In SQL Server 2008, you can specify that a database file should grow automatically as space is needed. SQL Server can also shrink the size of the database if the space is not needed. You can control whether to use this feature along with the increment by which the file is to be expanded. The increment can be specified as a fixed number of megabytes or as a percentage of the current size of the file. You can also set a limit on the maximum size of the file or allow it to grow until no more space is available on the disk.

Listing 1 provides an example of a database being created with a 10MB growth increment for the first database file, 20MB for the second, and 20% growth increment for the log file.

Listing 1. Creating a Database with Autogrowth

CREATE DATABASE Customer
ON ( NAME='Customer_Data',
    FILENAME='D:\SQL_data\Customer_Data1.mdf',
    SIZE=50,
    MAXSIZE=100,
    FILEGROWTH=10),
   ( NAME='Customer_Data2',
    FILENAME='E:\SQL_data\Customer_Data2.ndf',
    SIZE=100,
    FILEGROWTH=20)
LOG ON ( NAME='Customer_Log',
    FILENAME='F:\SQL_data\Customer_Log.ldf',
    SIZE=50,
    FILEGROWTH=20%)
GO

The Customer_Data file has an initial size of 50MB, a maximum size of 100MB, and a file increment of 10MB.

The Customer_Data2 file has an initial size of 100MB, has a file growth increment of 20MB, and can grow until the E: disk partition is full.

The transaction log has an initial size of 50MB; the file increases by 20% with each file growth. The increment is based on the current file size, not the size originally specified.

When creating or expanding data files in SQL Server 2008, SQL Server uses fast file initialization. This allows for the fast execution of the file creation and growth. With fast file initialization, the space is added to the data file immediately, but without initializing the logical pages in the data file with zeros. The existing disk content in the data file is not overwritten until new data is written to the files. This provides a huge performance advantage when a data file autogrows while an application is attempting to write data to the database. The application does not need to wait until the space is initialized; it can begin writing to the database immediately.

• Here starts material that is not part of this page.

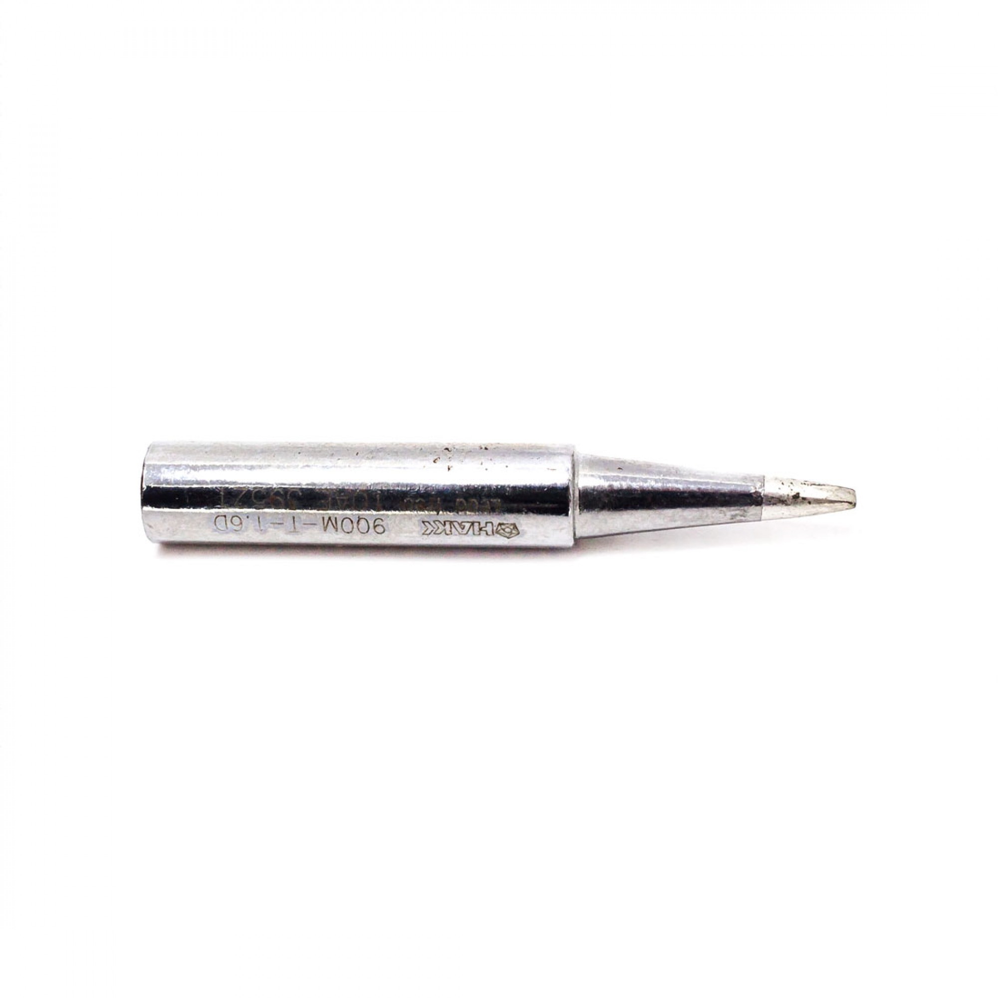Hakko 900M-T-1.6D – никелированное жало для паяльника с плоской формой наконечника. Внешний и внутренний диаметр равен 6,5 и 4 миллиметра соответственно. Диаметр наконечника 1,6 миллиметра. Длина общая 42 миллиметра, только острия 0,5 миллиметра.

SQL Server also provides an option to autoshrink databases as well as manually shrink databases. However, shrinking a database is a resource-intensive process and should be done only if it is absolutely imperative to reclaim disk space. Also, if a data file is constantly shrinking and growing, it can lead to excessive file fragmentation at the file system level as well as excessive logical fragmentation within the file, both of which can lead to poor I/O performance.